Re: revised w/nocase text, considering titlecase and cased
John Cowan 12 May 2014 05:54 UTC
Alex Shinn scripsit:
> As a special case, the pre-defined named character sets
> upper and lower (and their aliases upper-case and lower-case)
> are defined to match all characters with the cased property (L&).
> Note also all other pre-defined named character sets are
> equivalent to themselves under w/nocase.
>
> Rationale: The differences between the case insensitive
> lower and upper and the cased property are few and unlikely
> to match user intention.

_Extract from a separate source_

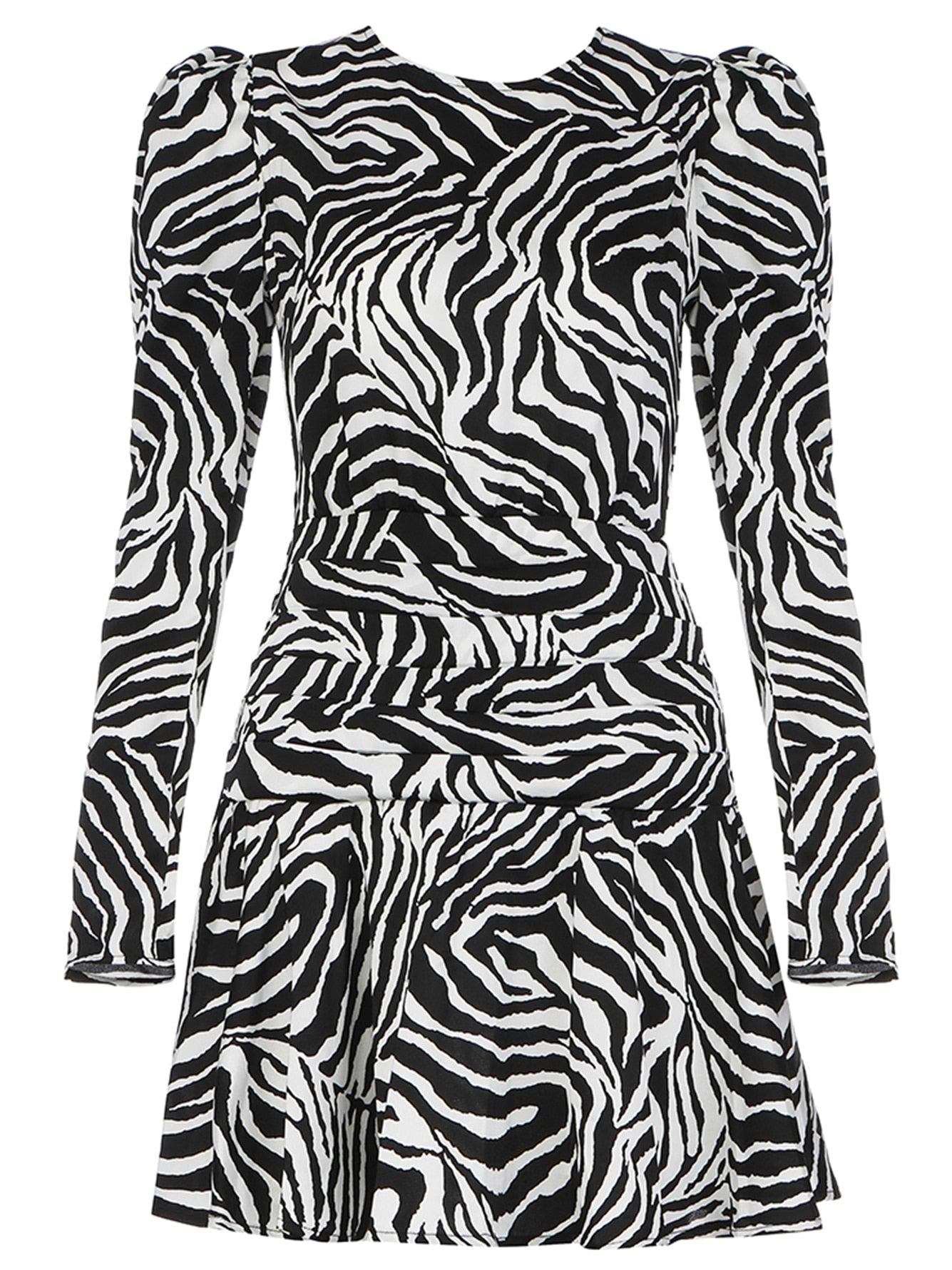 Simple and stylish zebra stretch viscose jersey evening dress. Symmetrical neckline with decorative bra. Central pleated drape. pleated skirt. Zipper fastening at centre back. Long sleeves.

Moreover, unlike the algorithmically
> mapped upper and lower char-sets, the cased property is
> readily available in most Unicode implementations.
Looks good to me.
I think this language should also be added:
Note that placing a sequence consisting of a base character
and combining characters into a character string representing
a character set will not do what the user probably expects;
it will create a character set pattern containing the base
character and the combining character(s) as alternatives.
For the same reason, it is inadvisable to apply Unicode
normalization to such strings.
> And the only realistic alternative I can see is making this
> special case optional, so that either behavior is correct.
Too much flexibility, I think.
--
John Cowan http://www.ccil.org/~cowan xxxxxx@ccil.org
A witness cannot give evidence of his age unless he can remember being born.
--Judge Blagden